* _ACTIVITY_
Please reproduce all entries word for word, leaving every image behind.

====== INPUT DATA

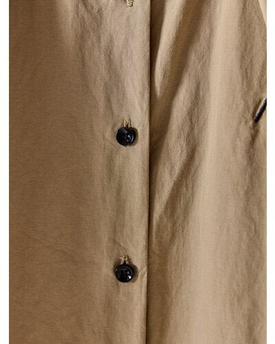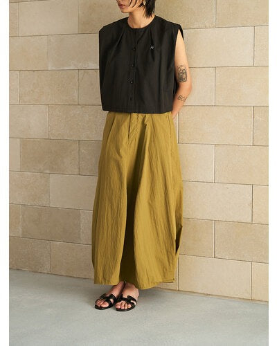When viewed from the front, this simple no-collar shirt blouse features a boxy silhouette created by the gusset and tucks on the back. It was made with care to be worn as if it was being placed on top rather than being worn.
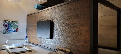 I love the color. it looks really rich. Rustic wood in a modern design.
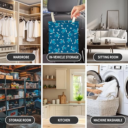 Cute Car Trash Can, Hanging Canvas Car Back Seat Organizer and Storage Bag, Funny Car Trash Bag For Travelling, Outdoor Cute Blue Sea Turtle
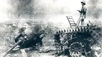 The situation was more endurable for the 42nd Army, as by 22 February they had taken Phục Hòa, Thất Khê, Quảng Uyên, and Đông Khê, penetrating some 25 km into Vietnamese territory from Shuikouguan.[14] However, it had failed to meet the 24-hour schedule to obtain the objectives around Cao Bằng, due to difficult terrain and frequent Vietnamese ambushes. The PLA 121st Division had to march for six days to arrive their destination at Khau Đồn, southwest of Cao Bằng.[15] Previously, on 20 February, a Chinese tank unit from the 42nd Army leading the advance into Bắc Sơn had been intercepted and lost a number of tanks to Vietnamese anti-tank missiles; the force had only survived after receiving reinforcements from its parental unit.[14]
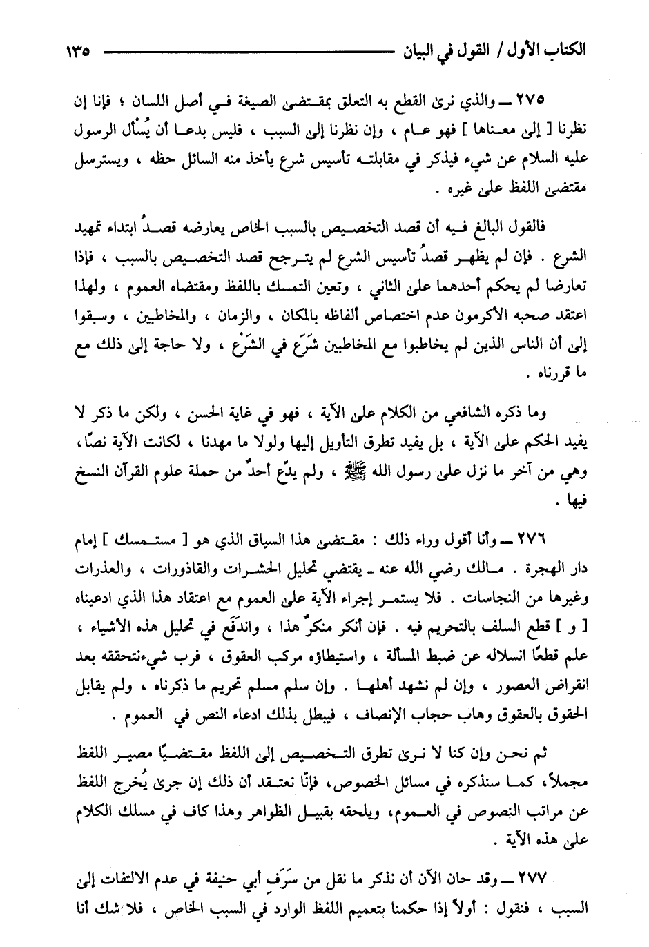 275- والذي نرى القطع به التعلق بمقتضى الصيغة في أصل اللسان فإنا إن نظرنا إلى معناها فهو عام وإن نظرنا إلى السبب فليس بدعا أن يسأل الرسول عليه السلام عن شيء فيذكر في مقابلته تأسيس شرع يأخذ منه السائل خطه ويسترسل مقتضى اللفظ على غيره.
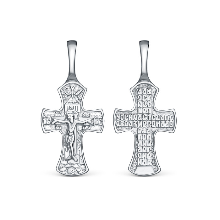Совместные покупки Магнитогорск Ювелирные украшения и бижутерия Подвески — Крест православный из родированного серебра - Да воскреснет Бог 2,7 см 925 пробы
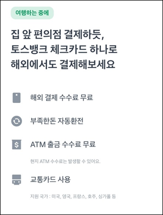 토스뱅크 외화통장 혜택 2. 해외 결제 수수료 무료
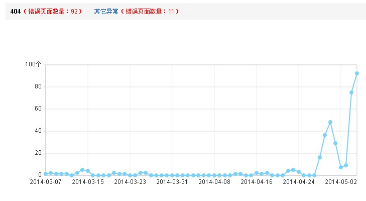 百度站长工具异常抓取工具显示错误页面有两种,1、404错误页面,2、其他错误页面。最近两天网站404错误页面的数量增加的有点多。
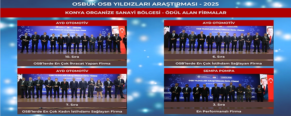 Organize Sanayi Bölgeleri Üst Kuruluşu (OSBÜK) tarafından bu yıl beşincisi düzenlenen OSBÜK OSB Yıldızları Araştırması’nda Konya Organize Sanayi Bölgesi’nde üretim yapan 2 firma 4 farklı kategoride yer alma başarısı gösterdi. AYD Otomotiv; OSB’lerde En Çok İhracat Yapan Firma Kategorisi’nde 10., OSB’lerde En Çok İstihdam Sağlayan Firma Kategorisi’nde 6., OSB’lerde En Çok Kadın İstihdamı Sağlayan Firma Kategorisi’nde 7. sırada yer aldı. Sempa Pompa ise En Performanslı Firma Kategorisinde 3. sırada yer alarak plaketini aldı. Konya Organize Sanayi Bölgesi de araştırmaya en çok katkı veren OSB’ler arasında plaketini aldı. Konya Organize Sanayi Bölgesi Başkanı Mustafa Büyükeğen, Konya Organize Sanayi Bölgesi’nden ödül alan firmaları başarılarından dolayı tebrik etti.
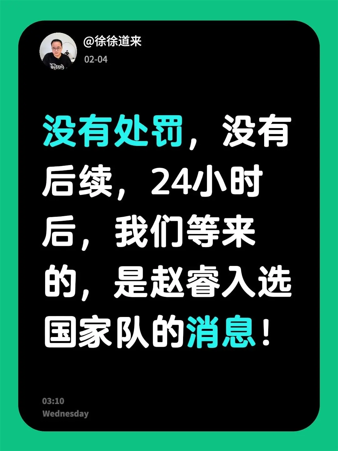 没有处罚,没有后续,24小时后,我们等来的,是赵睿入选国家队的消息!
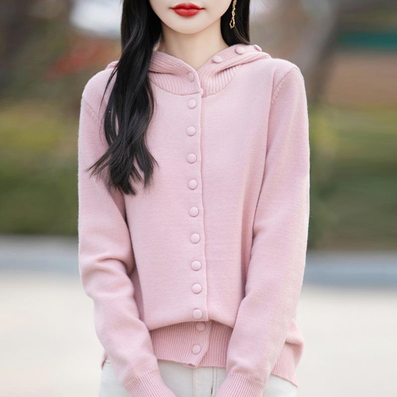 Spring New Hooded Knitted Cardigan with Buttons, Solid Color Loose and Versatile Top Coat
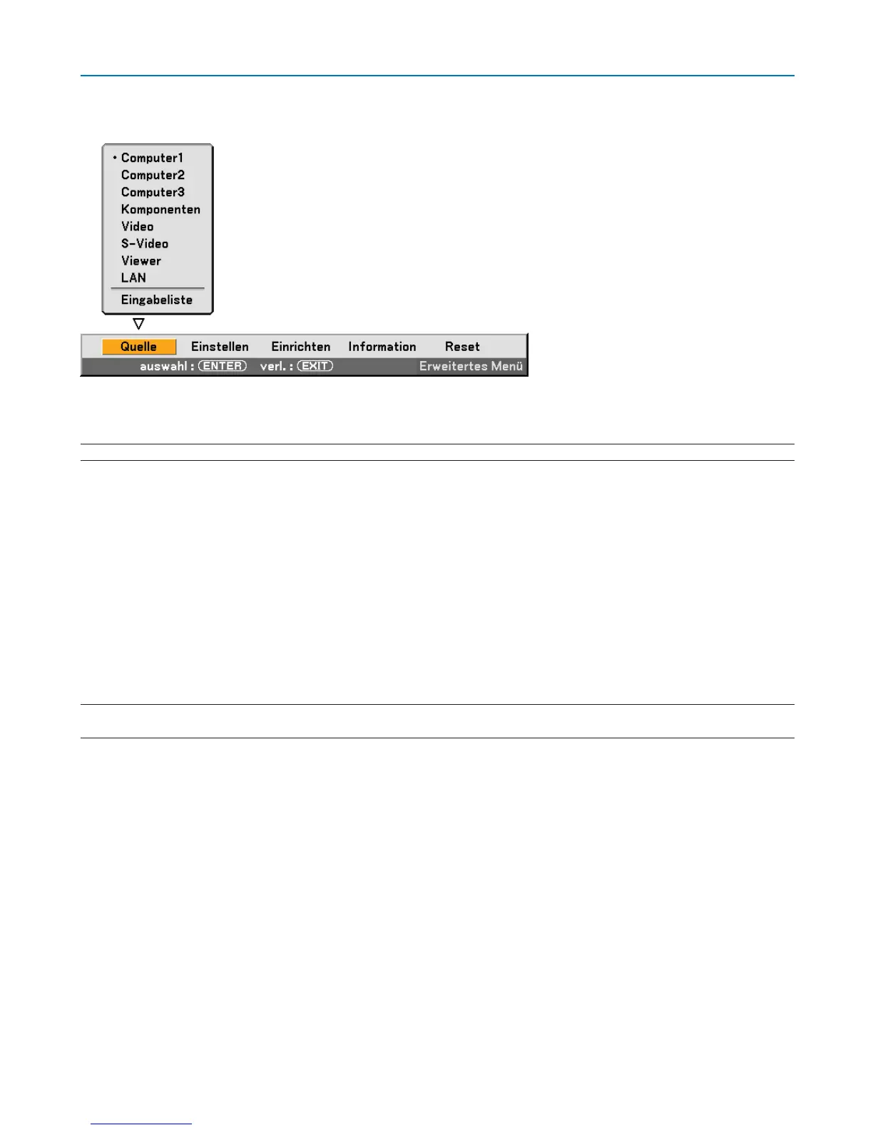 HINWEIS: Ein optionales Komponentenkabel (Komponenten-V- oder ADP-CV1-Kabel) ist für ein Komponentensignal erforderlich.

============

* _EXERCISE RESPONSE_
When viewed from the front, this simple no-collar shirt blouse features a boxy silhouette created by the gusset and tucks on the back. It was made with care to be worn as if it was being placed on top rather than being worn.
 I love the color. it looks really rich. Rustic wood in a modern design.
 Cute Car Trash Can, Hanging Canvas Car Back Seat Organizer and Storage Bag, Funny Car Trash Bag For Travelling, Outdoor Cute Blue Sea Turtle
 The situation was more endurable for the 42nd Army, as by 22 February they had taken Phục Hòa, Thất Khê, Quảng Uyên, and Đông Khê, penetrating some 25 km into Vietnamese territory from Shuikouguan.[14] However, it had failed to meet the 24-hour schedule to obtain the objectives around Cao Bằng, due to difficult terrain and frequent Vietnamese ambushes. The PLA 121st Division had to march for six days to arrive their destination at Khau Đồn, southwest of Cao Bằng.[15] Previously, on 20 February, a Chinese tank unit from the 42nd Army leading the advance into Bắc Sơn had been intercepted and lost a number of tanks to Vietnamese anti-tank missiles; the force had only survived after receiving reinforcements from its parental unit.[14]
 275- والذي نرى القطع به التعلق بمقتضى الصيغة في أصل اللسان فإنا إن نظرنا إلى معناها فهو عام وإن نظرنا إلى السبب فليس بدعا أن يسأل الرسول عليه السلام عن شيء فيذكر في مقابلته تأسيس شرع يأخذ منه السائل خطه ويسترسل مقتضى اللفظ على غيره.
Совместные покупки Магнитогорск Ювелирные украшения и бижутерия Подвески — Крест православный из родированного серебра - Да воскреснет Бог 2,7 см 925 пробы
 토스뱅크 외화통장 혜택 2. 해외 결제 수수료 무료
 百度站长工具异常抓取工具显示错误页面有两种,1、404错误页面,2、其他错误页面。最近两天网站404错误页面的数量增加的有点多。
 Organize Sanayi Bölgeleri Üst Kuruluşu (OSBÜK) tarafından bu yıl beşincisi düzenlenen OSBÜK OSB Yıldızları Araştırması’nda Konya Organize Sanayi Bölgesi’nde üretim yapan 2 firma 4 farklı kategoride yer alma başarısı gösterdi. AYD Otomotiv; OSB’lerde En Çok İhracat Yapan Firma Kategorisi’nde 10., OSB’lerde En Çok İstihdam Sağlayan Firma Kategorisi’nde 6., OSB’lerde En Çok Kadın İstihdamı Sağlayan Firma Kategorisi’nde 7. sırada yer aldı. Sempa Pompa ise En Performanslı Firma Kategorisinde 3. sırada yer alarak plaketini aldı. Konya Organize Sanayi Bölgesi de araştırmaya en çok katkı veren OSB’ler arasında plaketini aldı. Konya Organize Sanayi Bölgesi Başkanı Mustafa Büyükeğen, Konya Organize Sanayi Bölgesi’nden ödül alan firmaları başarılarından dolayı tebrik etti.
 没有处罚,没有后续,24小时后,我们等来的,是赵睿入选国家队的消息!
 Spring New Hooded Knitted Cardigan with Buttons, Solid Color Loose and Versatile Top Coat
 HINWEIS: Ein optionales Komponentenkabel (Komponenten-V- oder ADP-CV1-Kabel) ist für ein Komponentensignal erforderlich.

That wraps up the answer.